Civic leaders press case
for more anti-crime funds
June 21, 2006

By Patrick McGroarty
Reporter Staff

Eight Dorchester civic associations sent a letter to city hall Wednesday asking that the developing budget be supplemented with money from the city's Budgetary Fund Balance to support a number of anti-crime measures. Jack Kowalski, president of the Melville Park Association, spearheaded the effort, but removed his name from the letter on Wednesday morning citing a potential conflict of interest given his role on the staff of At-large City Councillor Sam Yoon.

The letter is the product of a meeting held on Wednesday, June 14 at the C-11 police station between Captain John Greland, commander of C-11, Dorchester civic association presidents, City Councillors Charles Yancey and Sam Yoon, and representatives from the offices of several other elected officials.

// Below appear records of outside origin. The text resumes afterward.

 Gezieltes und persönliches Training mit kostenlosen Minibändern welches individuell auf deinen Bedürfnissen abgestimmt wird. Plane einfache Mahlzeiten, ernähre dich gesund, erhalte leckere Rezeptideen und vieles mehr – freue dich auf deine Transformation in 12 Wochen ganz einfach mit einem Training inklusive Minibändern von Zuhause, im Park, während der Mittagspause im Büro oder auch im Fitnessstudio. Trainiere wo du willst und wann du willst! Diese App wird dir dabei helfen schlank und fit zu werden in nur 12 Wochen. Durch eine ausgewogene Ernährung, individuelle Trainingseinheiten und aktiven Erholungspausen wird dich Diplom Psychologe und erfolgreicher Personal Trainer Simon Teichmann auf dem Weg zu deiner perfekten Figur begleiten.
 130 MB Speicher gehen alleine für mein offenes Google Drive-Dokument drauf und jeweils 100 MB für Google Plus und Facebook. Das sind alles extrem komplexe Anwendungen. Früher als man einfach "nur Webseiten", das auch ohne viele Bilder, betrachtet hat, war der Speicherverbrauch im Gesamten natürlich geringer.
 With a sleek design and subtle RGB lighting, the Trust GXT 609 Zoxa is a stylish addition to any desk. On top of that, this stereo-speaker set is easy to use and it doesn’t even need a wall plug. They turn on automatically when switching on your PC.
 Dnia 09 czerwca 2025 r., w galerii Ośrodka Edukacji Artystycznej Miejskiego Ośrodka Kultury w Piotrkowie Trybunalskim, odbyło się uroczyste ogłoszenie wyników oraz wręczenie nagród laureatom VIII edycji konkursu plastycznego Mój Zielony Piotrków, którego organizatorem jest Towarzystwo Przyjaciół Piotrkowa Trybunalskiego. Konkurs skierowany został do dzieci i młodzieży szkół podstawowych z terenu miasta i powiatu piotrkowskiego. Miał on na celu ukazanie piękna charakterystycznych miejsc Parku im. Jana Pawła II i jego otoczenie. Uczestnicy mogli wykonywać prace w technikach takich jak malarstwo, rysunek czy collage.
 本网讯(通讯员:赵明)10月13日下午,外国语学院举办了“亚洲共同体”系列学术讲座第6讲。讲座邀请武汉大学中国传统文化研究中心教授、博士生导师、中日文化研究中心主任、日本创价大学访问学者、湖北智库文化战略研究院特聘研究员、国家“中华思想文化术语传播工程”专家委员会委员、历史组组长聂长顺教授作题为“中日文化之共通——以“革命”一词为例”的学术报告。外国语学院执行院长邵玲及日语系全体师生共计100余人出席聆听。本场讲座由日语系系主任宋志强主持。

Kowalski's meeting fell on a busy night with several other neighborhood events occurring simultaneously, which kept City Councillor Maureen Feeney and several elected officials from the State House from attending.

During the two-hour session, Yoon suggested that the most immediately effective tool for reducing violent crime would be to hire a battalion of street workers for the duration of the summer. Yancey, meanwhile, embraced the recurring theory that more police officers equals less crime, and said that C-11 in particular was in need of more officers.

The civic association heads, said Kowalski, weighed suggestions made by Greland, Yancey, and Yoon before finalizing their list of requests. In a letter set to be delivered to Mayor Thomas Menino and the Boston City Council on Wednesday morning, Paul Robinson (chairman of the Melville Park Association's safety committee and lead signer in Kowalski's stead) and seven additional civic associations ask that $6 million from the city's reserve funds be injected into the city budget: $1 million to hire new street workers by July 15, $5 million toward hiring additional police officers.

Yoon said he fully supports the requests made in the Melville Park letter, and believes that other city officials will do the same.

"I know that the administration is already prepared to hear that message, and they're working on it," said Yoon. "Other councillors are prepared to push this as far as it can go."

But Sam Tyler, president of the Boston Municipal Research Bureau, said that taking more out of the $54 million reserve fund than the $8 million allotted by the proposed budget might not be advisable.

"While $46 million may sound like a ton, it's a small percentage of the city's $2.4 billion operating budget, and it's important for any large city to retain a certain level of resources, preferably 5 percent to have access to in case of an economic crisis."

The letter orchestrated by Kowalski arrived at city hall exactly one week after another letter, written by Florida Corridor anti-crime activist Barry Mullen, was sent to the Mayor and City Council. In that letter, Mullen and his cosigners threatened to take legal action against the city if funding was not found to support a 1979 city ordinance that states the BPD must have 2,500 officers at all times.

Seth Gitell, the mayor's press secretary, said that the ordinance was never signed by Mayor Kevin White, rendering it effectively null and void. But documents obtained by the Reporter show that any ordinance neither signed nor filed in objection, "Shall be in force on and after the sixteenth day following such presentation."

"I expected [our letter] to be thrown in the trash," said Mullen. "I knew that we'd have to move to the next stage, and it's just sad that private citizens have to spend their own time getting the city to do their job."

Mullen said he plans to begin collecting signatures for a class action lawsuit in the near future. He has not yet found an attorney willing to take the case.